HOULTON, Maine — Maine’s border patrol is offering a $20,000 sign-on incentive and will allow new hires to work in their own communities as the federal agency pushes to meet the Trump administration’s beefed-up border enforcement orders.
This direct-hire candidate search comes as Trump has quickly pushed out a long list of immigration-related executive orders and policy changes aimed at tough enforcement of the nation’s border laws.
U.S. Customs and Border Protection is offering similar bonuses across the entire country. The new incentives reflect the Trump administration’s intense focus on border security, as well as the struggles that all law enforcement agencies have faced when trying to fill staff openings in recent years.
In Maine, U.S. Customs and Border Protection has increased enforcement patrols and arrests, and ramped up other tools along Maine’s 98-mile international land and sea border to meet new directives, according to Houlton Sector Chief Patrol Agent Juan Bernal.
“We have always known that once we get a little more aggressive with consequence delivery, it will have an impact,” Bernal said during an interview about the new administration. “Once the word gets out, ‘If you break the law, there is a greater probability there will be a consequence,’ it has an effect.”
There are available duty assignments in Calais, Fort Fairfield, Jackman, Rangeley or Van Buren. Following basic training at the academy in Artesia, New Mexico, new recruits would be assigned to one of these Maine stations.
If hired for the position, salaries are competitive and agents have the potential for promotions that would come with pay of more than $90,000 a year after three years of service, according to CBP.

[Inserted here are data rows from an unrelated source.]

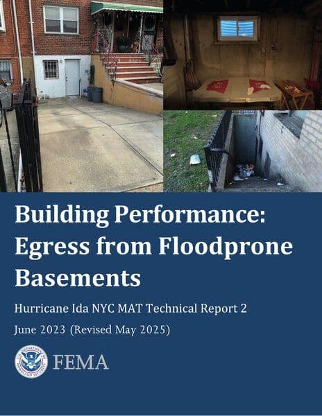 The technical report 'Building Performance: Egress from Floodprone Basements' provides observations and recommendations from FEMA's Mitigation Assessment Team (MAT) following Hurricane Ida's impact on New York City. It addresses the risks, requirements, and recommendations related to building egress and safety in flood-prone basements.
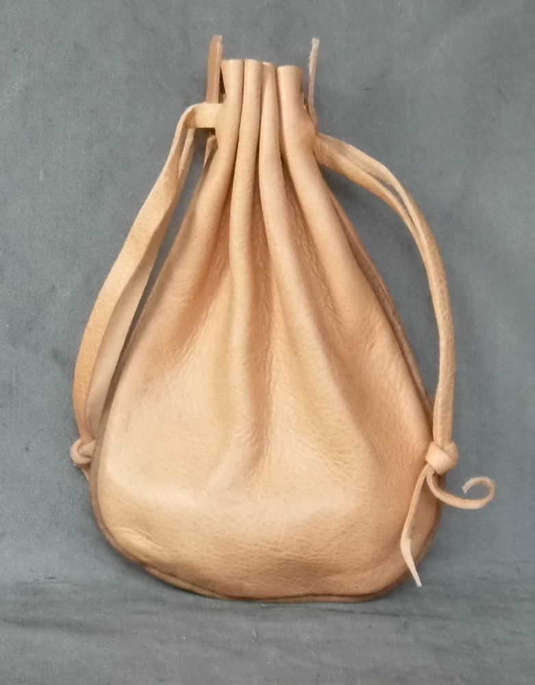 This purse is made from tan goat skin with brown piping and is stitched by hand. It is held closed with double leather drawstrings that have small tags attached which makes it easier to open the purse.
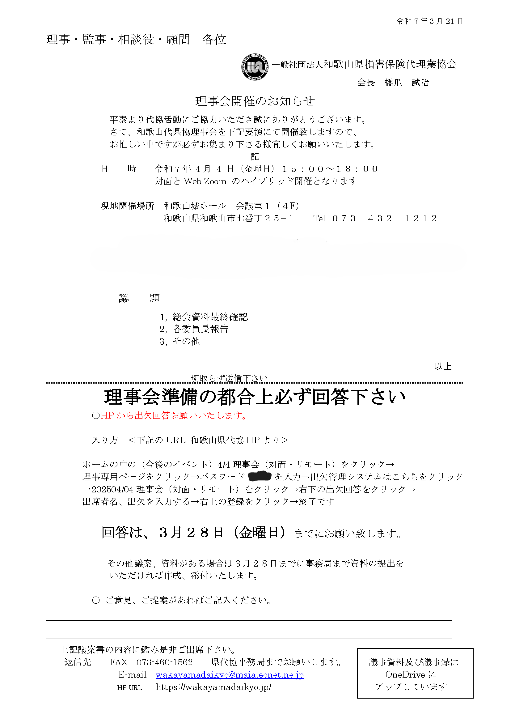 出欠アプリへのログインはこちら https://wakayamadaikyo.jp/membership/riji-only
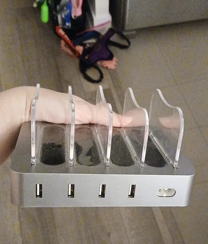 Selling a handy USB charging station with dividers! This is perfect for keeping all your devices organized while they charge. It has multiple USB ports so you can charge several devices at once. Great for decluttering your space!
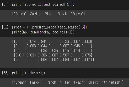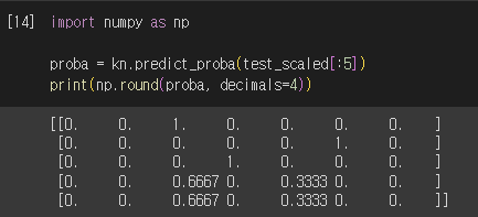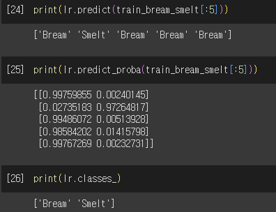 - predict_proba() : 클래스별 확률값 반환(출력순서는 classes_속성 순서와 동일)

Candidates must be U.S. citizens, under the age of 40, physically fit and able to pass a background investigation. The agency urged all eligible individuals to apply, singling out military veterans and previous law enforcement officers as strong potential candidates. Candidates must complete the entire preemployment process, including a polygraph test.
The agency said the hiring period will last until the end of this month, with no known future openings for the northern border.